With the pictures omitted, repeat exactly the lines below starting with the line that has "in Hospitality Industry." and going on through the line that has "Original and rare".

### Data to use
<<<<

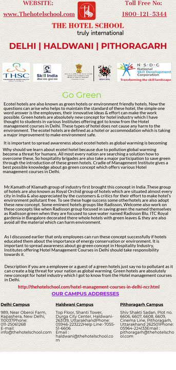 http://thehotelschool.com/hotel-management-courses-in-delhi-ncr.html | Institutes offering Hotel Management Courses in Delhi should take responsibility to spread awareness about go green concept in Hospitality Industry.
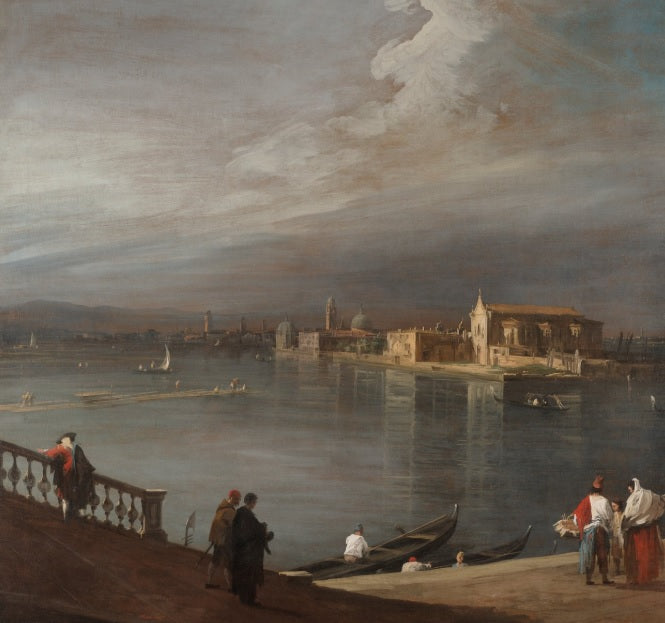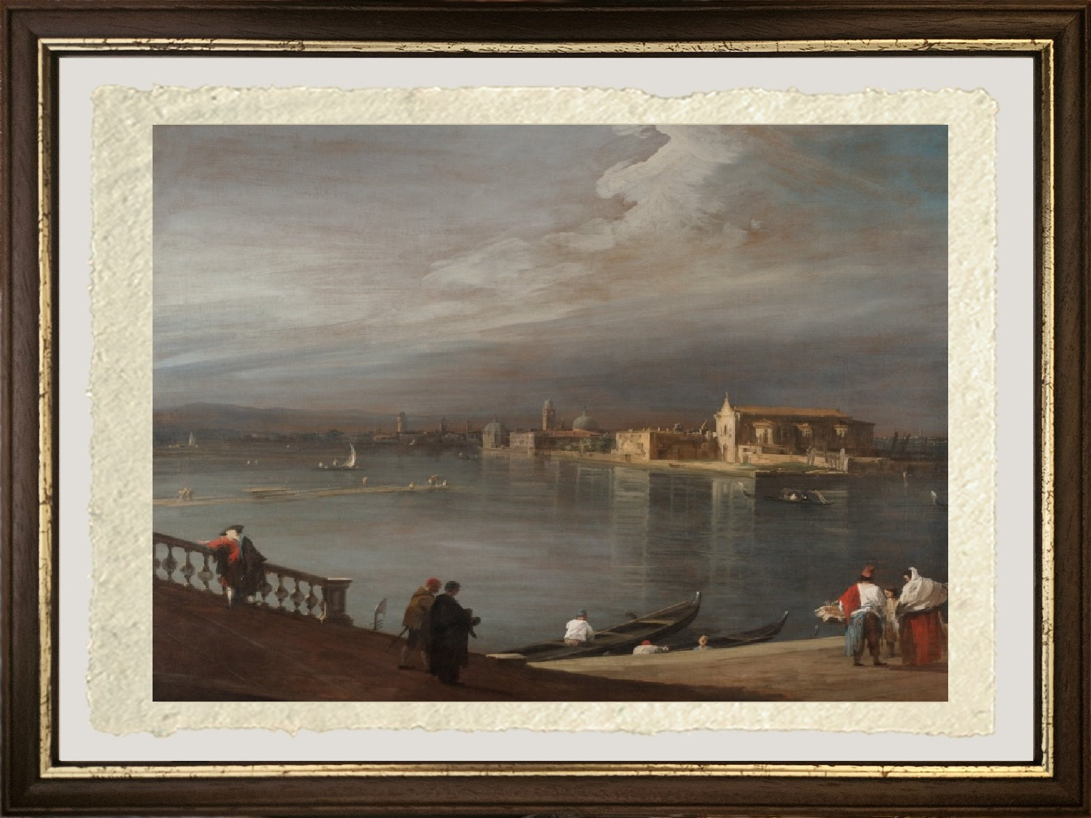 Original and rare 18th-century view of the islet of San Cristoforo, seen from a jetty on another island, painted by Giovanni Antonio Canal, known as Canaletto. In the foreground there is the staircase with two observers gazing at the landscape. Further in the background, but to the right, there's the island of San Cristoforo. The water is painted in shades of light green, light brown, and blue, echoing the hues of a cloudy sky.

>>>>
<<<<

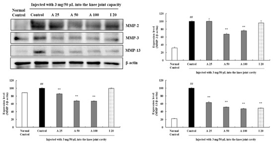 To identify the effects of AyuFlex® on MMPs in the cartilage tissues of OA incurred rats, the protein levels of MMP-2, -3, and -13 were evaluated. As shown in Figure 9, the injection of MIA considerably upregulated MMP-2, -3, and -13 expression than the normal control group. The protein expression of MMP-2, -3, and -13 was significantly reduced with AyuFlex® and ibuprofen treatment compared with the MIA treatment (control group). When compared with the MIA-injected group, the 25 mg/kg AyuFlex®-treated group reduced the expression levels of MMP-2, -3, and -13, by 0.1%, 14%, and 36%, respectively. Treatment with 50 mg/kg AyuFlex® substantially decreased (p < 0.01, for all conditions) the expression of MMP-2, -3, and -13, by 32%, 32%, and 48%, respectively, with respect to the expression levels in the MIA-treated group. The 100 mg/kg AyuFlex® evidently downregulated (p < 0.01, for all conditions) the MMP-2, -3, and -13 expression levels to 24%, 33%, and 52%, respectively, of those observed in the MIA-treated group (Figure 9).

>>>>
<<<<

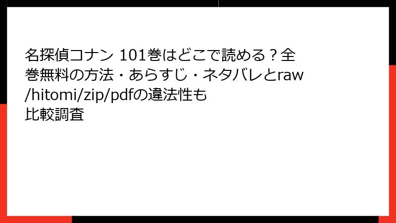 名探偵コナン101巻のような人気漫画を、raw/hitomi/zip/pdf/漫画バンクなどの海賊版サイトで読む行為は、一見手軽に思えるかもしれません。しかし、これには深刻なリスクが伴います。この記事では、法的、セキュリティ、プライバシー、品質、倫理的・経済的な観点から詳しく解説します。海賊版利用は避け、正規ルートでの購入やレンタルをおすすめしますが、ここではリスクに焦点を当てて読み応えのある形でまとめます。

>>>>

### Response to this exercise
 http://thehotelschool.com/hotel-management-courses-in-delhi-ncr.html | Institutes offering Hotel Management Courses in Delhi should take responsibility to spread awareness about go green concept in Hospitality Industry.
 Original and rare 18th-century view of the islet of San Cristoforo, seen from a jetty on another island, painted by Giovanni Antonio Canal, known as Canaletto. In the foreground there is the staircase with two observers gazing at the landscape. Further in the background, but to the right, there's the island of San Cristoforo. The water is painted in shades of light green, light brown, and blue, echoing the hues of a cloudy sky.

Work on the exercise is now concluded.